*THE TASK*: Take the records below and extract, word for word, the lines from the one containing "1-комнатная37,8 м²Краснодарский край, посёлок" through the final line, inclusive. Omit pictures.

*RECORD SET*:

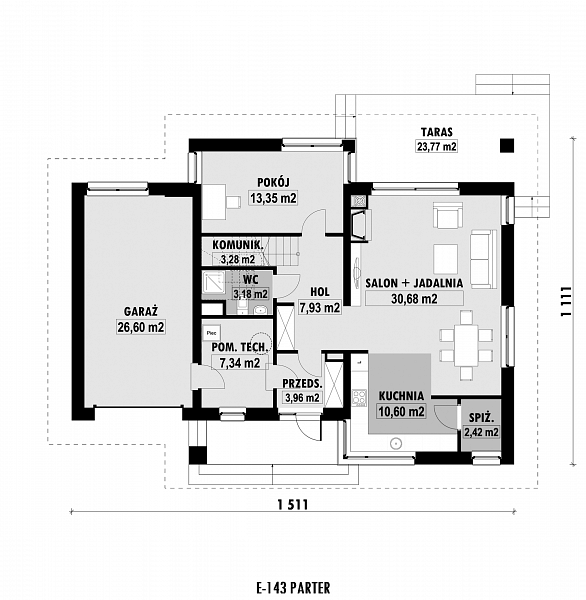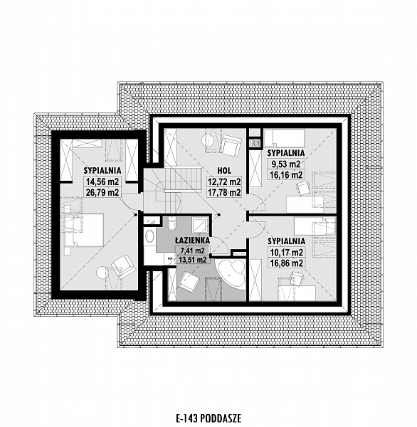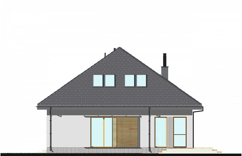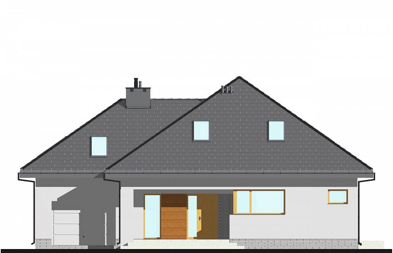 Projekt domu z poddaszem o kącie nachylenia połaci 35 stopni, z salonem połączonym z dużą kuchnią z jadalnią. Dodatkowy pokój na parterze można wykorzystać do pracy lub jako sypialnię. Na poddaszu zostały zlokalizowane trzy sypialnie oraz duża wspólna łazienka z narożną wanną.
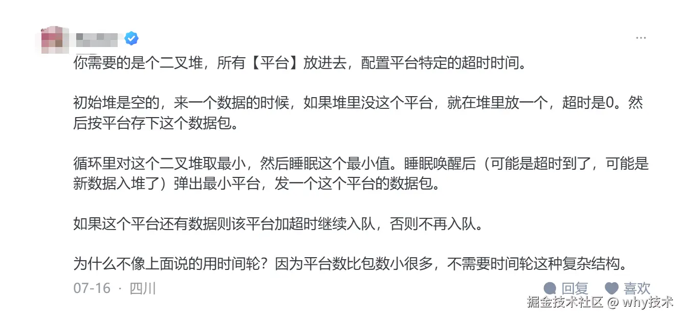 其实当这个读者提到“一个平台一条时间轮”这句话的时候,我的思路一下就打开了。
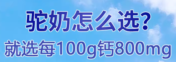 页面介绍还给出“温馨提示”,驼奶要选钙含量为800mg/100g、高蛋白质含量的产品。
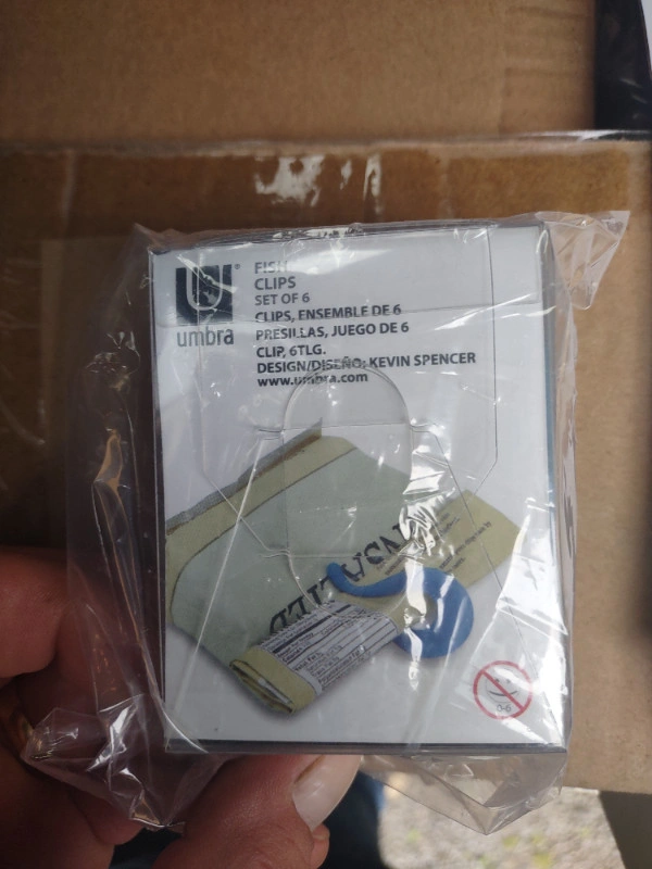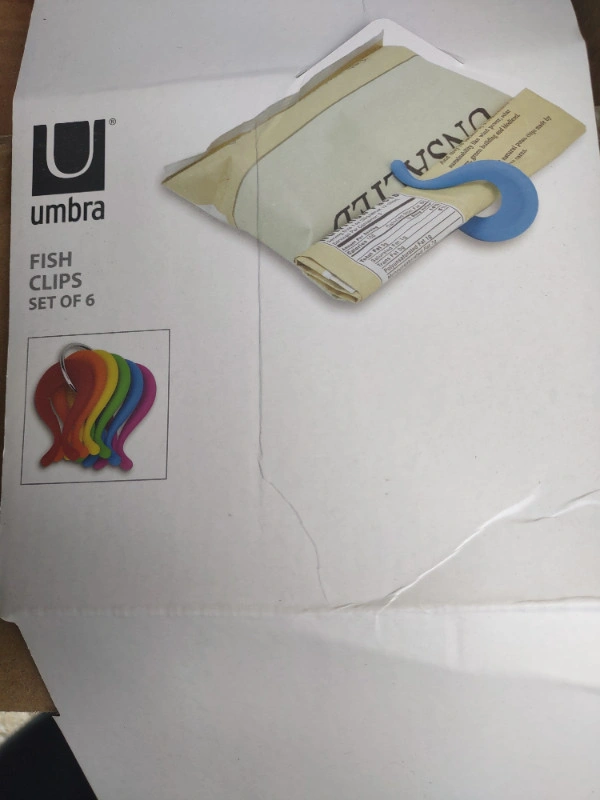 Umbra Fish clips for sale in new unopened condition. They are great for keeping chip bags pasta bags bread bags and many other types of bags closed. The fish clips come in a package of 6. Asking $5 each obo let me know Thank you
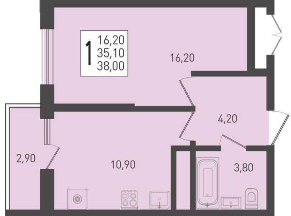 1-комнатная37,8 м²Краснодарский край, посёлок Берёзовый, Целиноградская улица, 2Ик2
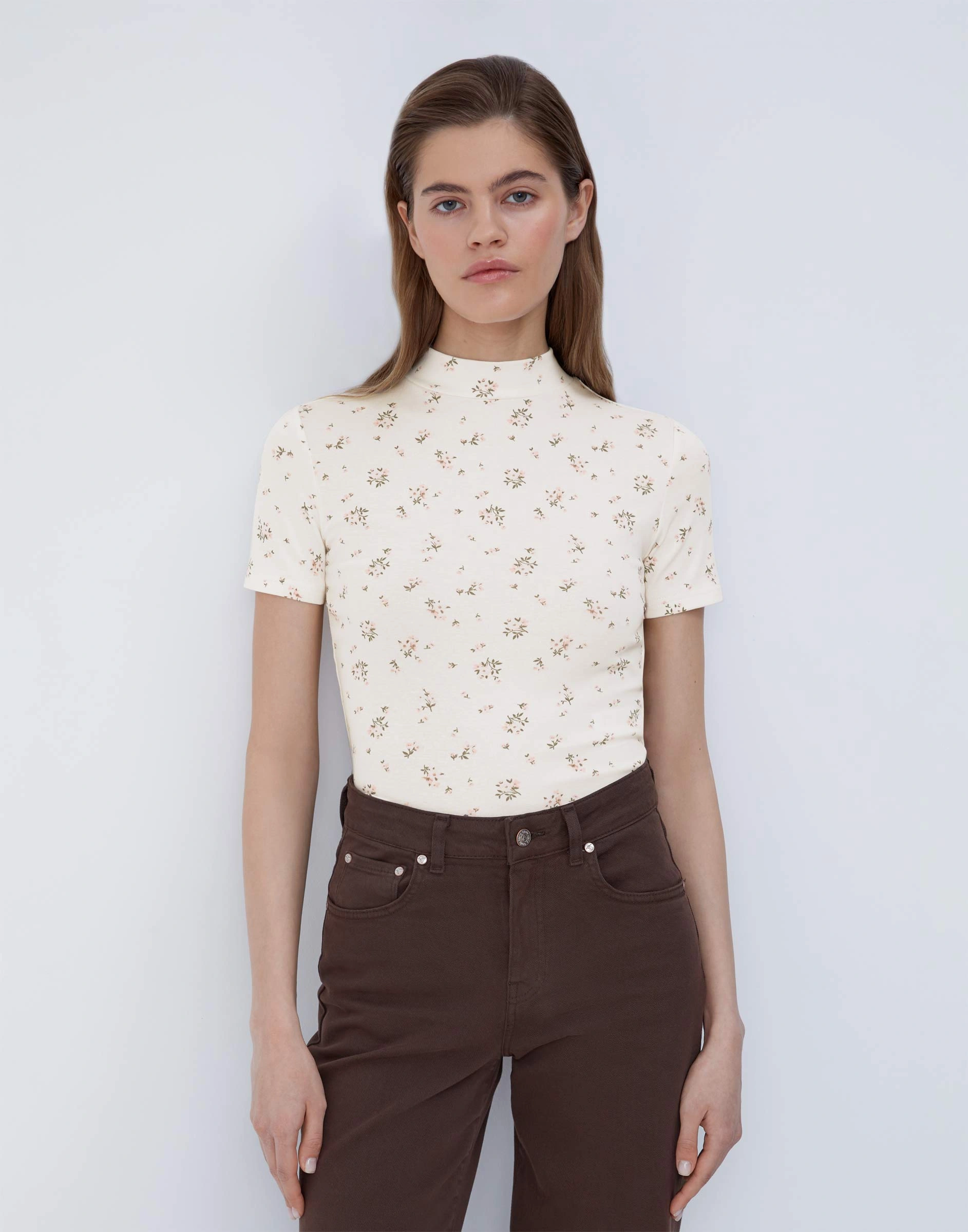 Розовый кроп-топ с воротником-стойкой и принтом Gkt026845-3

*RESPONSE BOX*:
 1-комнатная37,8 м²Краснодарский край, посёлок Берёзовый, Целиноградская улица, 2Ик2
 Розовый кроп-топ с воротником-стойкой и принтом Gkt026845-3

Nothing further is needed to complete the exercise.